*WORK INSTRUCTIONS*. For the listing below, the answer is an exact retyping of the lines from the one with "景区5元摔碗酒求吉利 西安城墙下碎碗堆积如山" through the one with "DISPONIBLE CON O", both included, without pictures.

*RECORDS SHOWN*.
((

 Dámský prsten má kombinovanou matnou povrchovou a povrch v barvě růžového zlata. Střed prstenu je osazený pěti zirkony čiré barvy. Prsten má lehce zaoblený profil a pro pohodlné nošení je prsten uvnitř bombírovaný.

))
((

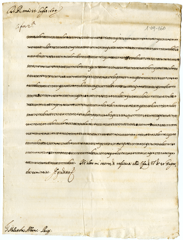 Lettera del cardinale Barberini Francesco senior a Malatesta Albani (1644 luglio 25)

))
((

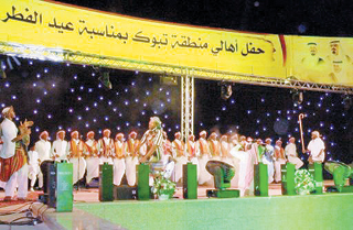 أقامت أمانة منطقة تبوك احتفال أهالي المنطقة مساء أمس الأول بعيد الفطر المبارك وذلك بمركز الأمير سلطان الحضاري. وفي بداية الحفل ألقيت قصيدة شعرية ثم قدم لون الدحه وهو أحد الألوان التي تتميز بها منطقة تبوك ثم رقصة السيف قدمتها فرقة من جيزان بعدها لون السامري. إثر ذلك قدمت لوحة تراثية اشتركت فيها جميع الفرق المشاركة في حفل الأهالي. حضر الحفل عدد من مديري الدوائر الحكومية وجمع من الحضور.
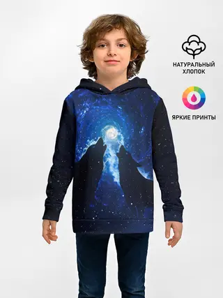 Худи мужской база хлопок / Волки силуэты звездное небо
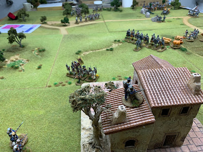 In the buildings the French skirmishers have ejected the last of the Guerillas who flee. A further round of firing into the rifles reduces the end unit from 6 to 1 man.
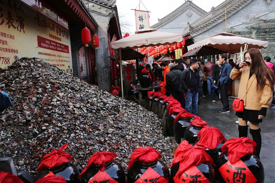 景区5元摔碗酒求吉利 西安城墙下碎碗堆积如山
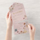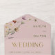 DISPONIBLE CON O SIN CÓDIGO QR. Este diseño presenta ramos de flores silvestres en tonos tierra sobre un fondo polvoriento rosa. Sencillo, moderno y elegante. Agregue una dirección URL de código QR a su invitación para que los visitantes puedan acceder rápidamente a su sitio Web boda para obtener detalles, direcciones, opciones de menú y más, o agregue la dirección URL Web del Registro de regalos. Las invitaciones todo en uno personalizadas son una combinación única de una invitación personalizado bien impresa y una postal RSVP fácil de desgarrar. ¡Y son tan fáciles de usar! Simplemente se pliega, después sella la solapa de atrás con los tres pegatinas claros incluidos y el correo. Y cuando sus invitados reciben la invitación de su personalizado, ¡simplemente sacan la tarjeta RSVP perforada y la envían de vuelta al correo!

))

*ANSWER TO THIS EXERCISE*.
 景区5元摔碗酒求吉利 西安城墙下碎碗堆积如山
 DISPONIBLE CON O SIN CÓDIGO QR. Este diseño presenta ramos de flores silvestres en tonos tierra sobre un fondo polvoriento rosa. Sencillo, moderno y elegante. Agregue una dirección URL de código QR a su invitación para que los visitantes puedan acceder rápidamente a su sitio Web boda para obtener detalles, direcciones, opciones de menú y más, o agregue la dirección URL Web del Registro de regalos. Las invitaciones todo en uno personalizadas son una combinación única de una invitación personalizado bien impresa y una postal RSVP fácil de desgarrar. ¡Y son tan fáciles de usar! Simplemente se pliega, después sella la solapa de atrás con los tres pegatinas claros incluidos y el correo. Y cuando sus invitados reciben la invitación de su personalizado, ¡simplemente sacan la tarjeta RSVP perforada y la envían de vuelta al correo!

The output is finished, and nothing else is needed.